- **Prompt**:
For this exercise, copy the data exactly and omit any images.

- **Data shown**:
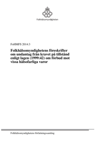Folkhälsomyndighetens föreskrifter om undantag från kravet på tillstånd enligt lagen (1999:42) om förbud mot vissa hälsofarliga varor FoHMFS 2014:3
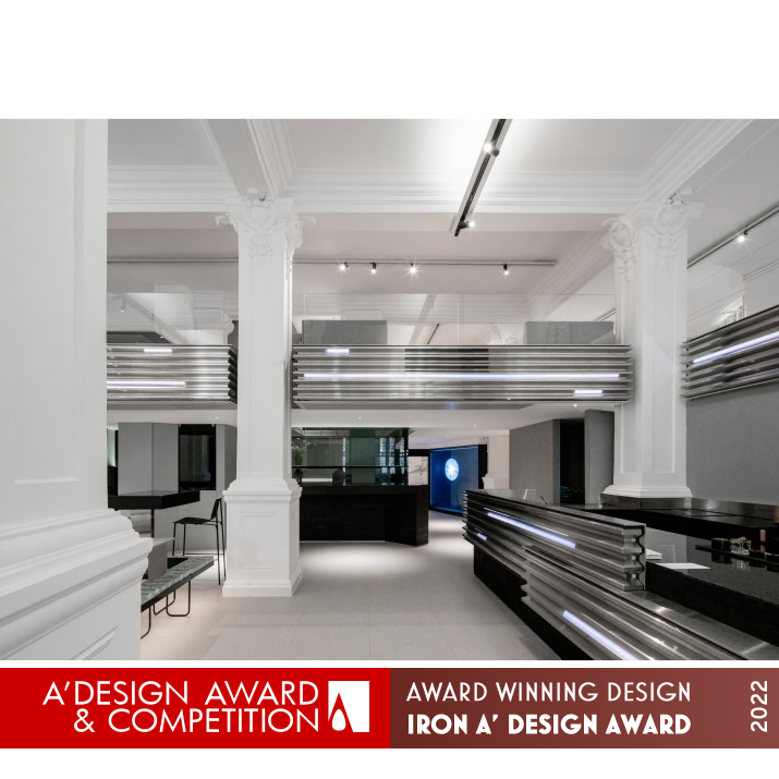 OPERATION / FLOW / INTERACTION: New materials, new forms of design, and the newest lighting techniques are added to the classical space, interactive with the old pillar system; new things do not adhere to the old structure, and the relationship between the new and the old is clear.
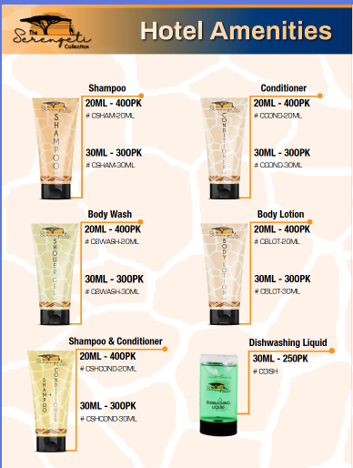 - These luxury hotel guest amenities are part of The Serengeti Collection by Cleanstar

- **Answer to this problem**:
Folkhälsomyndighetens föreskrifter om undantag från kravet på tillstånd enligt lagen (1999:42) om förbud mot vissa hälsofarliga varor FoHMFS 2014:3
 OPERATION / FLOW / INTERACTION: New materials, new forms of design, and the newest lighting techniques are added to the classical space, interactive with the old pillar system; new things do not adhere to the old structure, and the relationship between the new and the old is clear.
 - These luxury hotel guest amenities are part of The Serengeti Collection by Cleanstar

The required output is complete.